The Joseph Smith Papers: Television Documentary Series is a documentary television series produced by Ronald O. Barney and the Larry H. Miller Communications Corporation. The series documented the creation of, and work involved in, the Joseph Smith Papers Project. It also discussed the history of Joseph Smith, the founder and first prophet of the Church of Jesus Christ of Latter-day Saints (LDS Church), as well as the early history of the Latter Day Saint movement.

==Production==
The history of the Joseph Smith Papers Project began with the work of Dean C. Jessee. Jessee, along with LDS Historian Leonard J. Arrington, wanted to collect and publish all the known works of Joseph Smith, so they could be more easily accessed by scholars and the public. His first attempts at the project were The Personal Writings of Joseph Smith, in 1984, and the two volume Papers of Joseph Smith, the first in 1989 and the second in 1992. In 2001, Jessee's project became a joint venture between Brigham Young University and the LDS Church Archives, and was named the Joseph Smith Papers Project. A large amount of funding for the project was donated by Larry H. and Gail Miller the owners of KJZZ-TV, the station which would later air the television series. The project was then moved from BYU to the LDS Church Archives in Salt Lake City, Utah.

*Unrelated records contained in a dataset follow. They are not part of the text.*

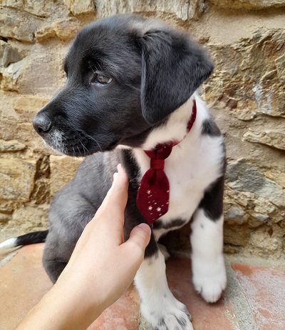 Nació el 9 de Julio aproximadamente y por cómo es ahora y por cómo son sus hermanas, creo que es mestiza de mastín con border collie. Es algo más pequeñita que el resto de hermanos pero será tamaño medio tirando a grande.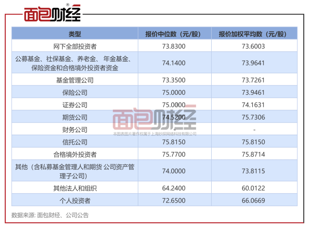 发行公告显示,基金管理公司报价加权平均数约为74元/股。
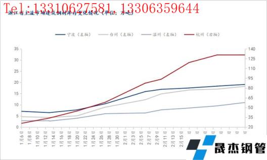 分市场来看,由于本周市场价格处于上涨态势,同时成交有所放量,所以本周库存增加不是很明显;甬台温地区库存情况则与杭州地区保持一致,本周库存继续增加,但增加幅度明显缩小。据了解,温州地区本周镔鑫、扬钢,贵航,萍钢等资源有到货,市场库存小幅增加;宁波地区,本周到货资源以镔鑫、亚新、杭钢为主,其他协议量资源依旧正常到货;台州地区本周库存增加不明显,螺纹钢到货主要以镔鑫、亚新、沙钢、华宏等。整体来看,浙江建筑厚壁无缝钢管市场盘线库存量已经明显偏多,螺纹钢库存则处于市场预期内,目前库存暂无较大的压力。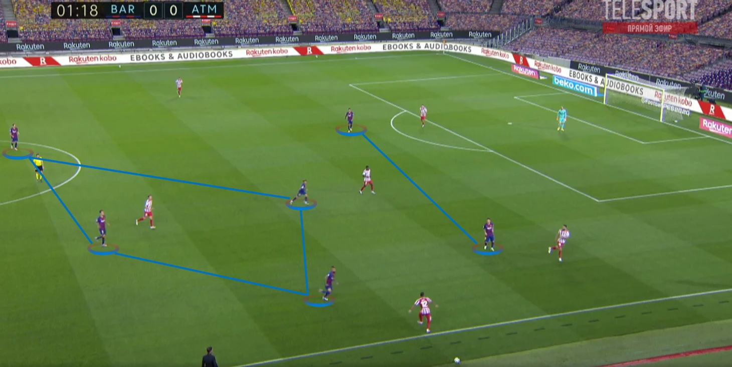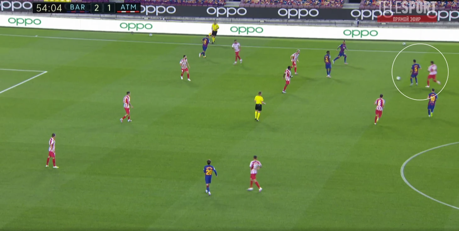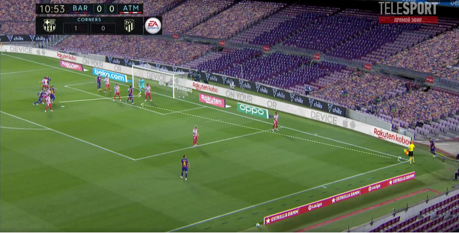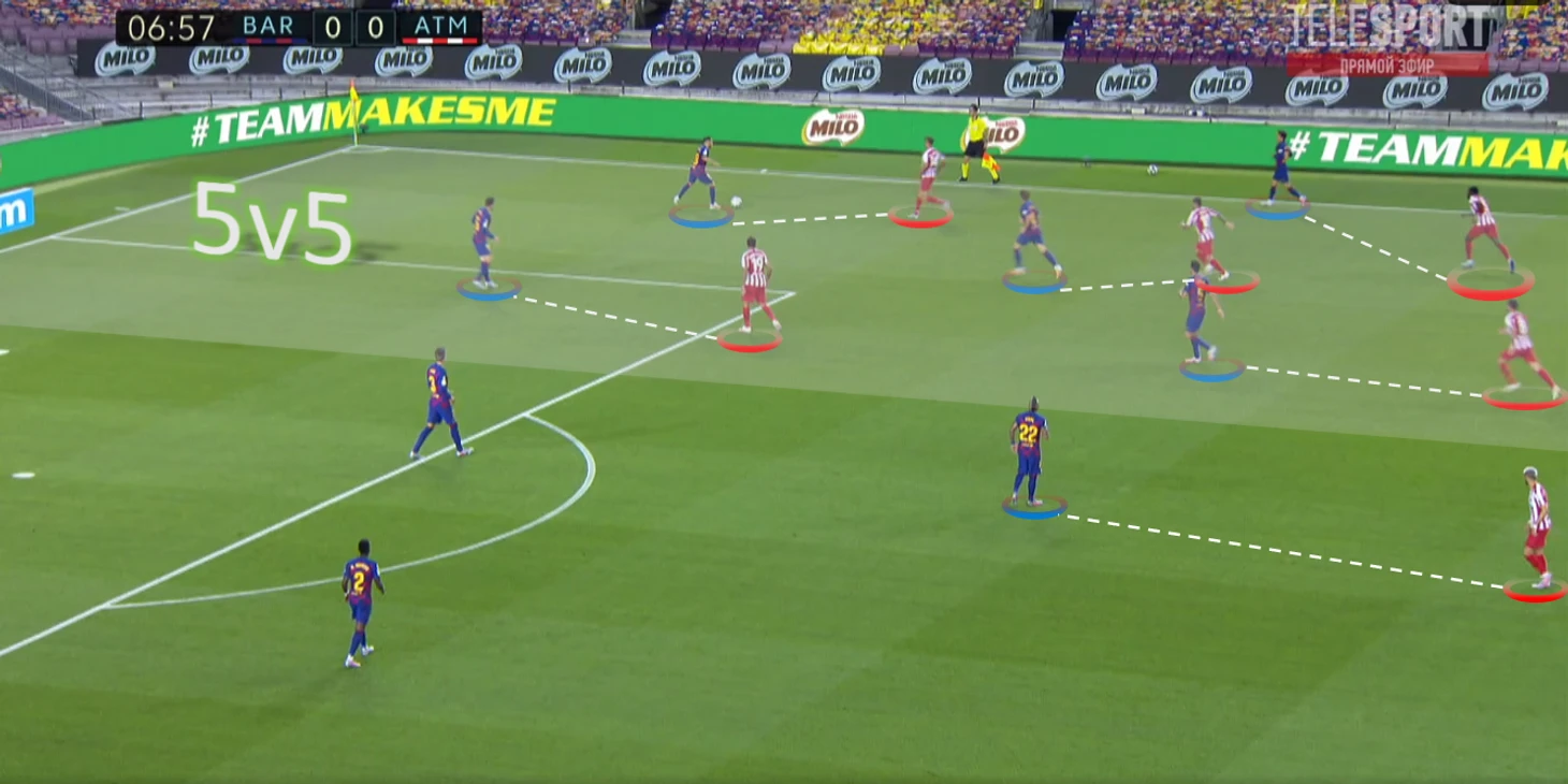 «Атлетико» славится своими фланговыми ловушками, «Барса» выглядела не очень убедительно против них: да, получалось выходить (зачастую при помощи переводов на дальний фланг), но это не приводило ровным счётом ни к чему.

As the project progressed, and the time neared for the publication of the first volume, the Larry H. Miller Communications Corporation decided to produce an hour-long introduction to the project, to air on KJZZ-TV. This introduction aired 5 November 2007, and became the pilot for the series. Eventually it was decided to create a weekly series, to document the project, and to discuss the history of Joseph Smith using original documents. The pilot would differ from the remaining episodes of the series because of changes to the production team and broadcast format. All the episodes were produced in cooperation with the LDS Church Historical Department.

The first season of the series premiered early in 2008 and concluded on 22 February 2009. The second season began airing in 2009 and ended later that year. Following the completion of each season, the episodes were rebroadcast on BYU-TV (to receive exposure outside the Salt Lake City market). Both seasons were later released on region-all DVD.

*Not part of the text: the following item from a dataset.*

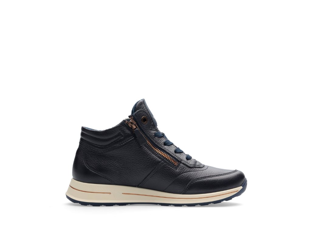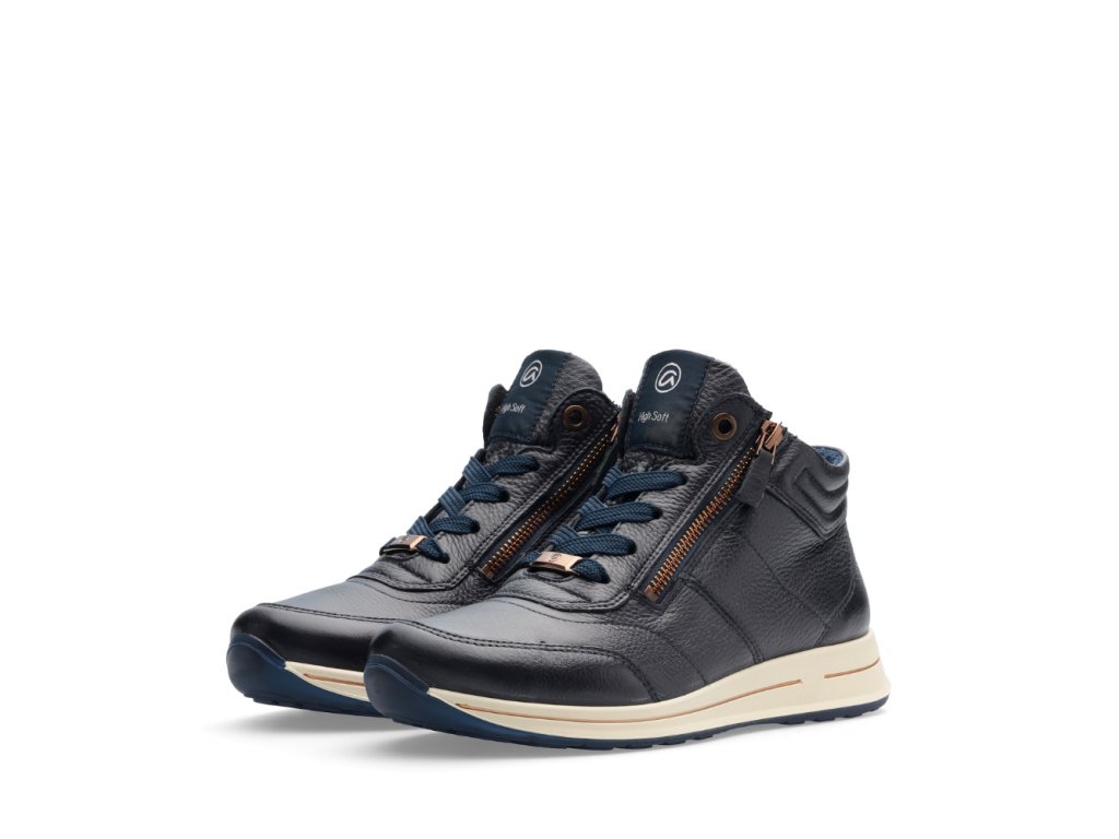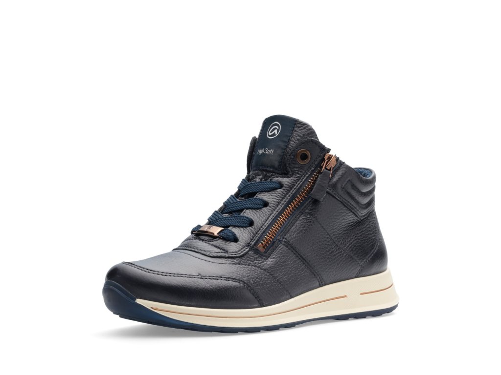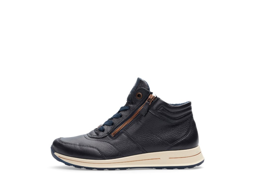 ARA dámské kotníkové tenisky širší s postranními zipy kožené modré | 12-24808-17 Osaka

==Plot synopsis and episode list==

The first season documented the creation of, and work involved in, the Joseph Smith Papers Project. It also discussed the history of Joseph Smith, the founder and first prophet of the LDS Church (using original documents); beginning with his ancestral roots and ending with the condition of the Church following his death. The second season covered many of the same topics, but went into more detail, using a topical approach versus the chronological approach of the first season. The second season also covered the potentially troubling issues in Joseph Smith's history more thoroughly.